▸ Task description
Images are to be left out when the records below are printed word for word.

Saved data entries
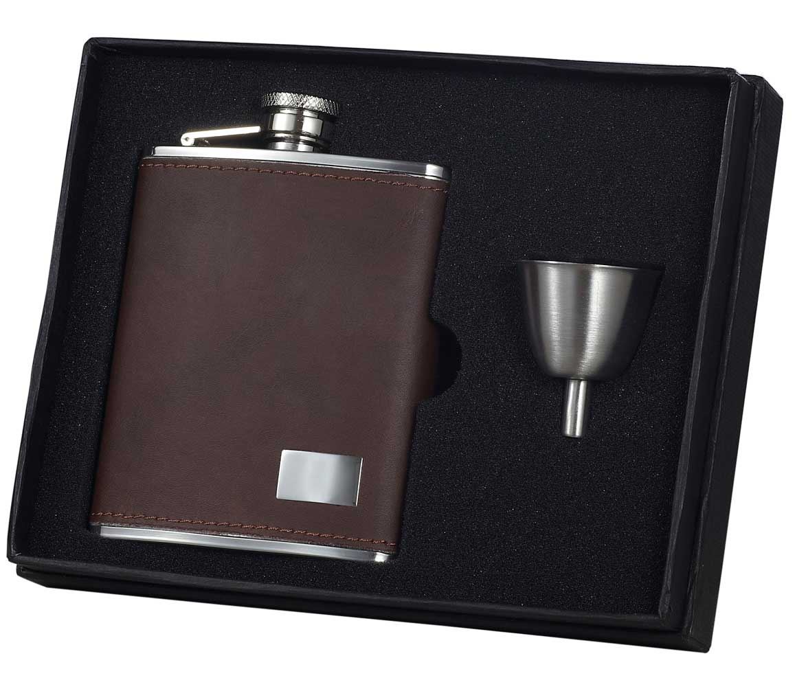 Visol Hunter Dark Brown Leather 6oz Flask Gift Set **|**|** Visol Hunter Dark Brown Leather 6oz Flask Gift Set
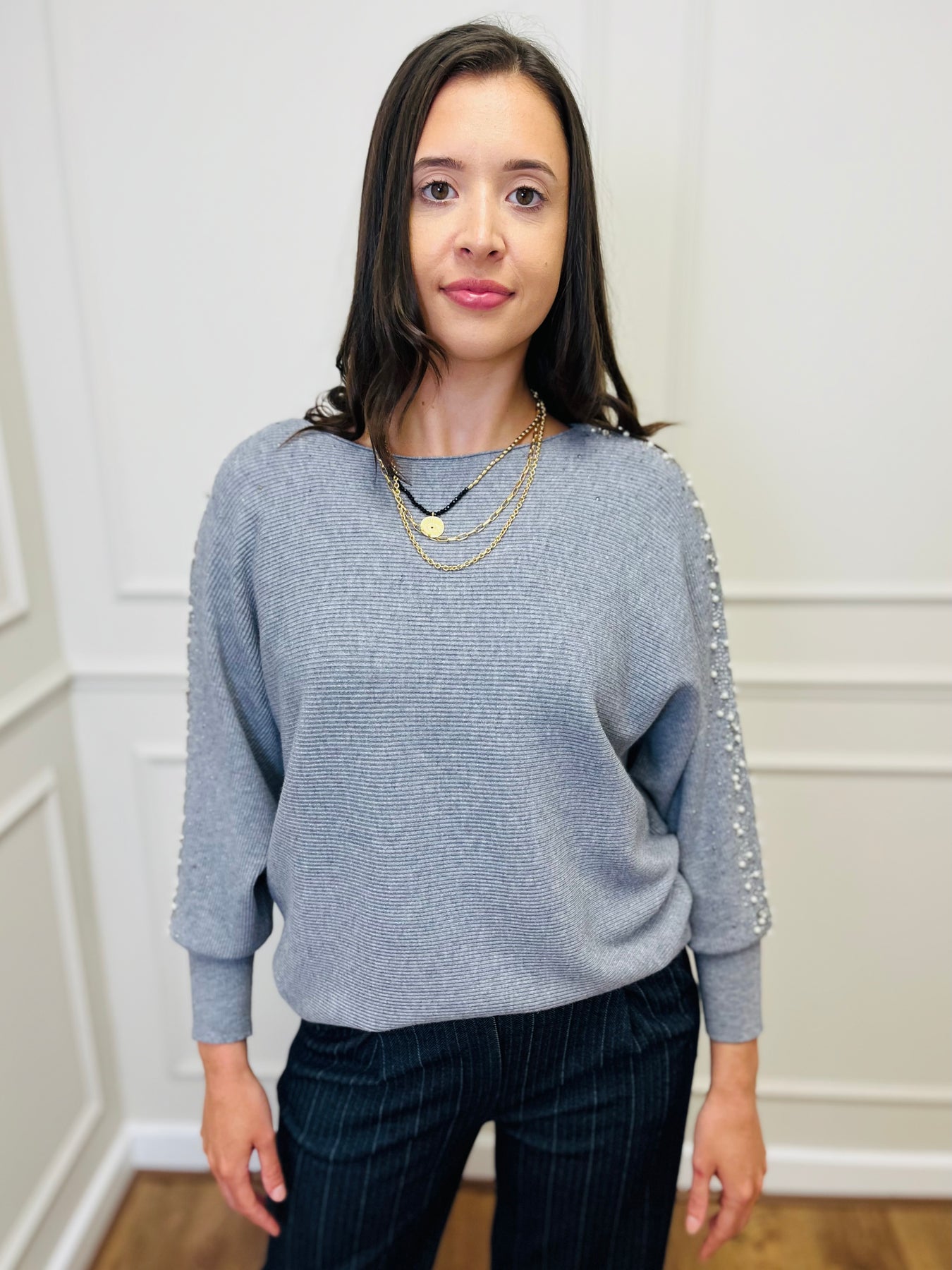 Effortlessly elegant with a touch of luxury — the Maya Jumper is a timeless piece designed to elevate your everyday style. With its soft textured knit and delicate pearl embellishments along the sleeves, this jumper blends comfort with sophistication in the most effortless way.
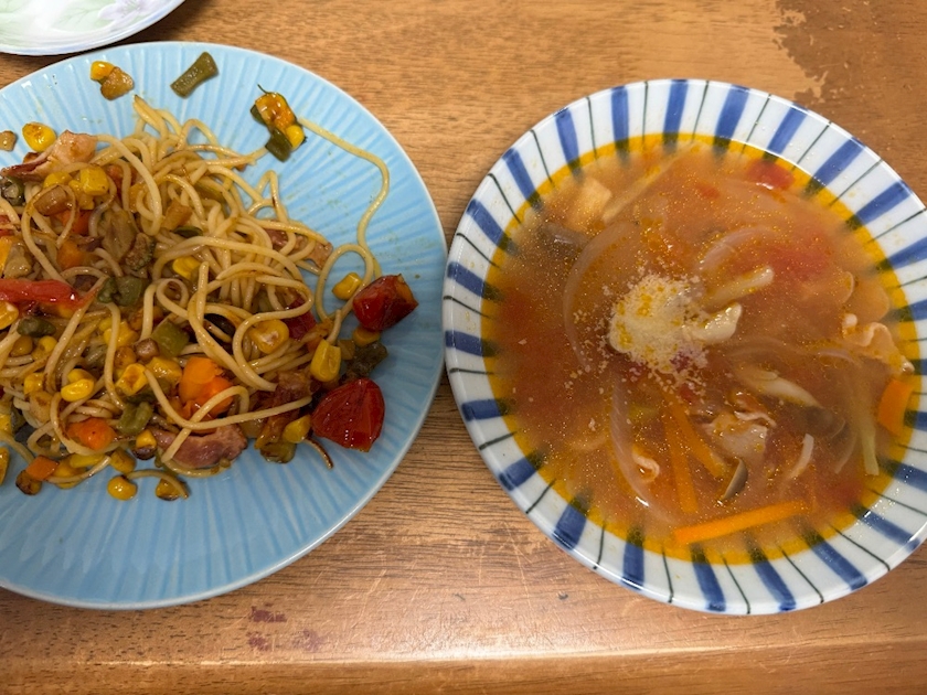 いつぞやのパスタの残りとスープ
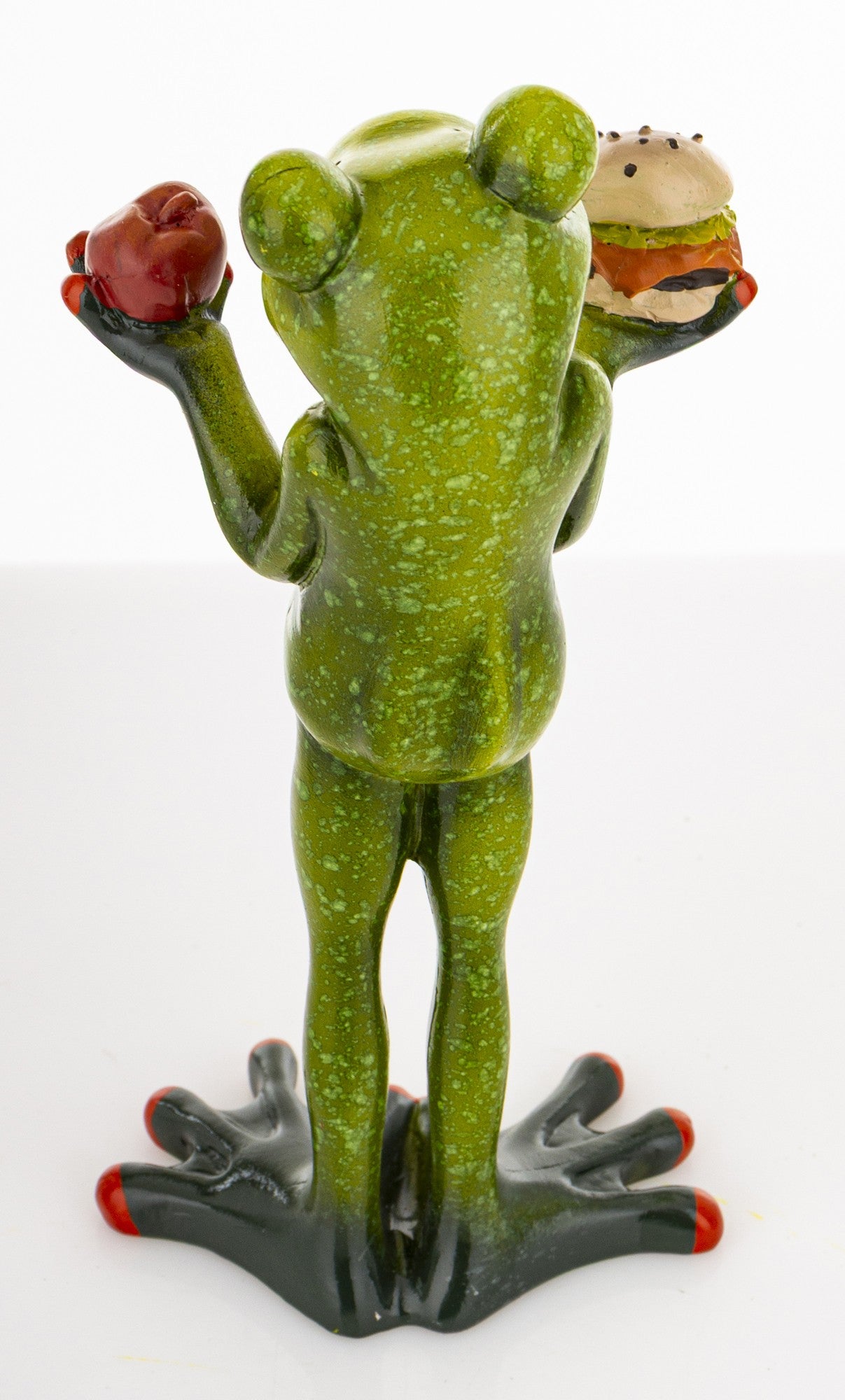 Figurină veselă din rășină cu broască ce ține mâncare fast food, un ornament jucăuș și original pentru decor interior sau cadou haios. Transport gratuit la comenzi peste 350 lei – mentha
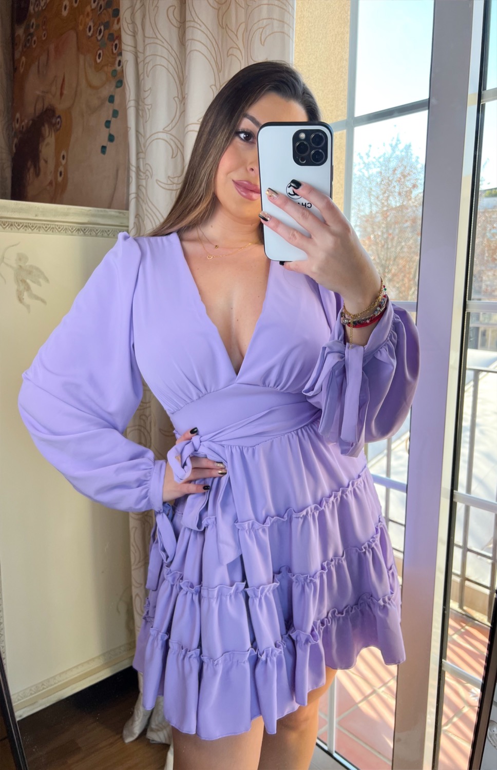 Vestido mini con volantes de mangas abullonadas y lazada al final. Ajustado en la cintura con lazo y goma, escote en forma de V.

▸ Written response
 Visol Hunter Dark Brown Leather 6oz Flask Gift Set **|**|** Visol Hunter Dark Brown Leather 6oz Flask Gift Set
 Effortlessly elegant with a touch of luxury — the Maya Jumper is a timeless piece designed to elevate your everyday style. With its soft textured knit and delicate pearl embellishments along the sleeves, this jumper blends comfort with sophistication in the most effortless way.
 いつぞやのパスタの残りとスープ
 Figurină veselă din rășină cu broască ce ține mâncare fast food, un ornament jucăuș și original pentru decor interior sau cadou haios. Transport gratuit la comenzi peste 350 lei – mentha
 Vestido mini con volantes de mangas abullonadas y lazada al final. Ajustado en la cintura con lazo y goma, escote en forma de V.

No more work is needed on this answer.